When he took over as finance minister in August 2012, P Chidambaram had identified taming of the twin deficits — the current account and the fiscal gaps — as among his topmost priorities. Less than two years later he has more than delivered on both the promises.

India’s current account deficit (CAD) — the difference between dollar inflows and outflows that are current in nature — is set to come down to $45 billion in 2013-14 from a record $88 billion last year aided by an export uptick and a string of curbs including those on gold imports.
Importantly, the government has been able to contain the fiscal deficit — a measure of the amount of money that the government has to borrow to fund its expenses — for 2013-14 at 4.6% of GDP, a nearly 0.2 percentage point lower than the budgeted 4.8%.
“The current financial year will end on a satisfactory note with the fiscal deficit at 4.6% (below the red line of 4.8 %) and the revenue deficit at 3.3%,” Chidmabaram said in his interim budget speech.
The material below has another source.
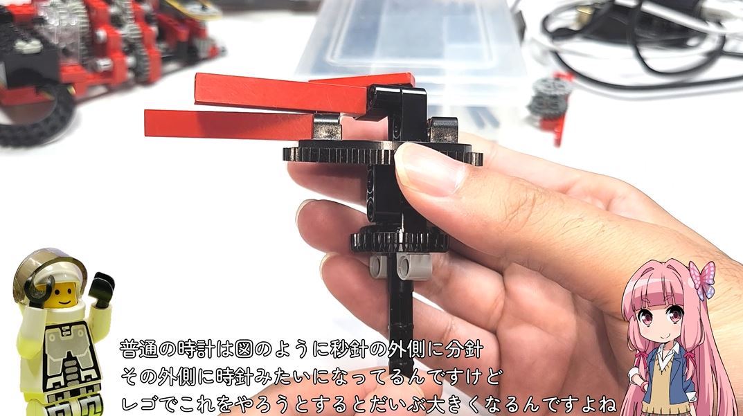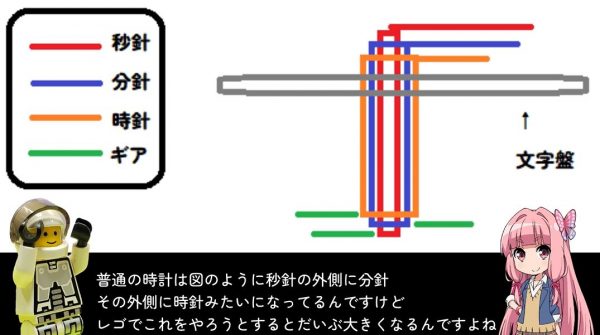 モーターとギアで3つの針の動きはできましたが、それぞれの針を見やすく配置する必要があります。普通の時計では図のように秒針の外側に分針、その外側に時針といった形になっているのですが、レゴでこれを実現するとかなり大きくなるのだとか。しかしあまりにも大きいと腕時計にするのは難しくなってしまいますね。

“Emboldened by the progress made, I have budgeted for receipts and expenditure in 2014-15 that will leave a fiscal deficit of 4.1%, which will be below the target set by the new fiscal consolidation path. Revenue deficit is estimated at 3.0%, he said.
Chidambaram’s achievement on managing to close the fiscal gap has also been aided by a cut in government spending by about `75,000 crore. Besides, the successful spectrum auction that fetched the government precious revenues also helped the fiscal consolidation plans.
High subsidies had widened the government’s fiscal deficit, limiting its elbow room to spend on investing in infrastructure and development schemes to spin jobs and multiply income. The Five-Year Plan involves narrowing it down to 3% by 2016-17.
The plans draws from the recommendations that a committee headed by former finance secretary Vijay Kelkar had laid out in a recent report.